Hello I have been tasked with proving the following: [tex]cos(\frac{2 \pi}{5}) = \frac{\sqrt{5} + 1}{4}[/tex] Any hints/idears on how I go about doing that? Sincerely Yours Fred
Start with the unit circle. Then construct a right triangle inside it with one of its angles equal to 2pi/5. From there, use trigonometry and geometry to figure out how to arrive to the answer.
I used Eulers formula [tex]cos(v) = \frac{e^{iv} + e^{-iv}}{2}[/tex] if v = [tex]\frac{2 \pi}{5}[/tex] cos(v) = [tex]\frac{\sqrt{5}-1}{4}[/tex] Is that a wrong approach? /Fred
?? How dou you arrive to that result from euler's formula? From it we just have cos(2pi/5)= (e^(i2pi/5) + e^(-i2pi/5))/2 = cos(2pi/5), because e^(iv)=cos(v)+i sen(v). ??
Using this formula proofs the result doesn't? Cause if I insert the numbers into the formula I get the cos(2pi/5). /Fred
If you plug v=2pi/5 in the following cos(v)=(e^(iv)+e^(-iv))/2 and use then the euler formula you get cos(2pi/5)=cos(2pi/5), not a specific numerical value... How do you arrived to it then? post the steps you have followed.
Sure, I'm sure show the following cos(2 pi / 5) = (sqrt(5) -1)/4 Then I take Eulers formula [tex]cos(v) = \frac{e^{iv} + e^{-iv}}{2}[/tex] and I insert v = (2 pi)/5 into euler which gives (sqrt(5) -1)/4. Thereby cos(2 pi / 5) = (sqrt(5) -1)/4 Is that approach correct? /Fred
If you start with what you are trying to prove as known, then you're not proving nothing. substituting 2pi/5 in the identity your using for cos(v) gives cos(2pi/5)= (e^(i2pi/5)+ e^(-i2pi/5))/2=cos(2pi/5). Which does not give the numerical value you are requested to obtain. You need to evaluate cos(2pi/5) and prove that the result is (sqrt(5)-1)/4. Now, the most elementary way(in which i can think right now) that do this is using the unitary circle and geometry/trigonometry as i mention in my first post.Of course it depends, From what course this problem came? It is likely that you have to use the methods you have learnt from this class. What do yo mean with Gauss proof?

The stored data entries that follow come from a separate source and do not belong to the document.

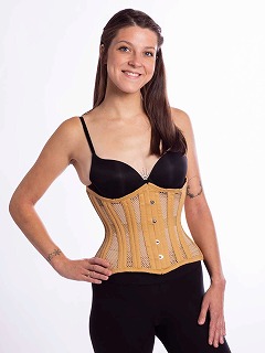 メッシュ素材のコルセットです。暑い季節の蒸れ防止はもちろん、目立ちにくいので、職場などで終日着用するのにも向いています フラット/スパイラルスチールボーン28本〜36本(サイズに応じて増える)で、通常のタイプより補強されています。 サイズ:フロント約26.7cm、背面約29.8cm、サイド約26cm 背面には約12.5cmのモデスティーパネル(当て布)、ガーター用タブ6個付き。 素材:メッシュ ■Orchard Coretは輸入コルセットでは珍しく16インチからサイズが揃っています。 ■CS-426タイプのコルセットは非常にきつい砂時計型です。 ■ウエストとアンダーバストの差:17.5cm /ウエストとヒップの差:30cm |
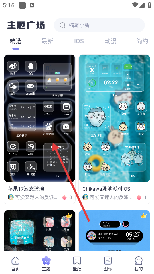 2、在主题广场页面,选择喜欢的主题,点击进入该主题的详情页面。
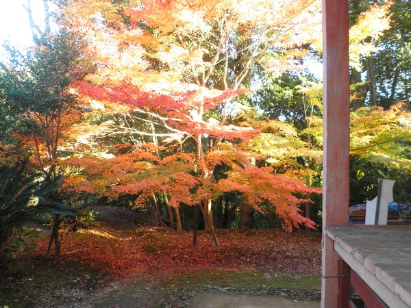 本堂と紅葉。本堂前の紅葉はほとんど散っていました。
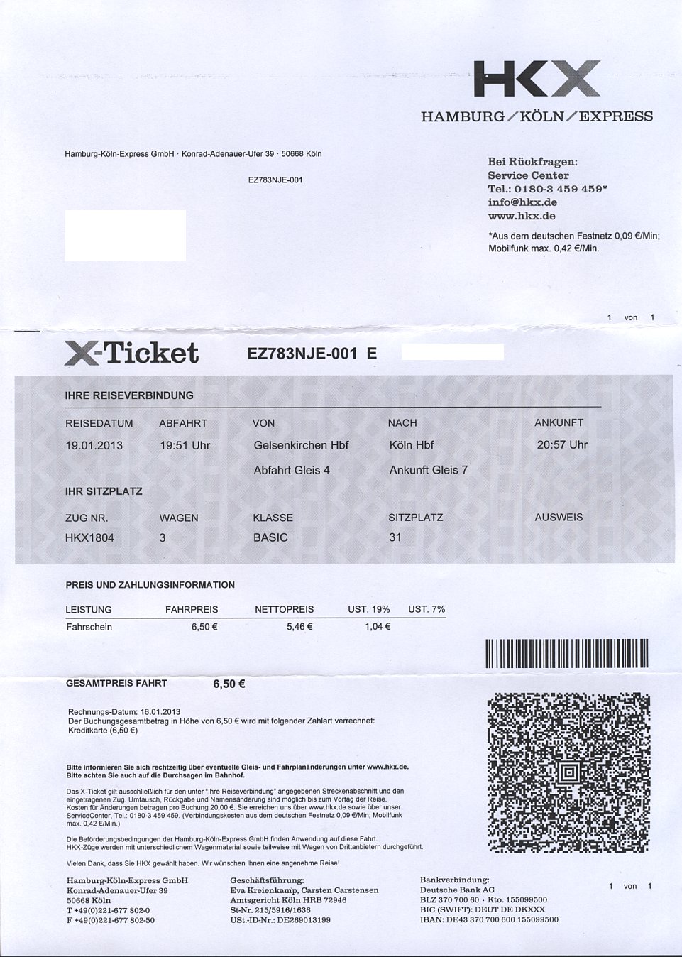 HKX online ticket Gelsenkirchen-Köln 19.1.2013 |

You have to draw the corresponding right triangle inside the circle and then use the pythagoras theorem and other trigonometry concepts to solve the problem. If you want a 'faster', 'algebraic' solution you may prefer to use the results/methods presented here http://mathworld.wolfram.com/TrigonometryAnglesPi5.html and here http://mathworld.wolfram.com/Multiple-AngleFormulas.html You just need to figure out which of them are the ones you need to construct your proof. They do it for sin(pi/5), you need to do it for cos(2pi/5).
Sounds suspiciously like homework, but try using the identity: [tex](\cos(x)+i\sin(x))^n=\cos(nx)+i\sin(nx)[/tex] (which you can easily prove by induction). You can then equate the real parts and substitute [tex]1-\cos^2x[/tex] for [tex]\sin^2x[/tex] to get a quintic polinoleum in [tex]\cos(\frac{2\pi}{5})[/tex] which should be easier for you to factorize than it was for Gauss because you already know the answer. You can then throw away all but one solution because they obviously don't fit. By the way if this is illegible it's because it's the first time I've used tex and I can't get it to display in the preview.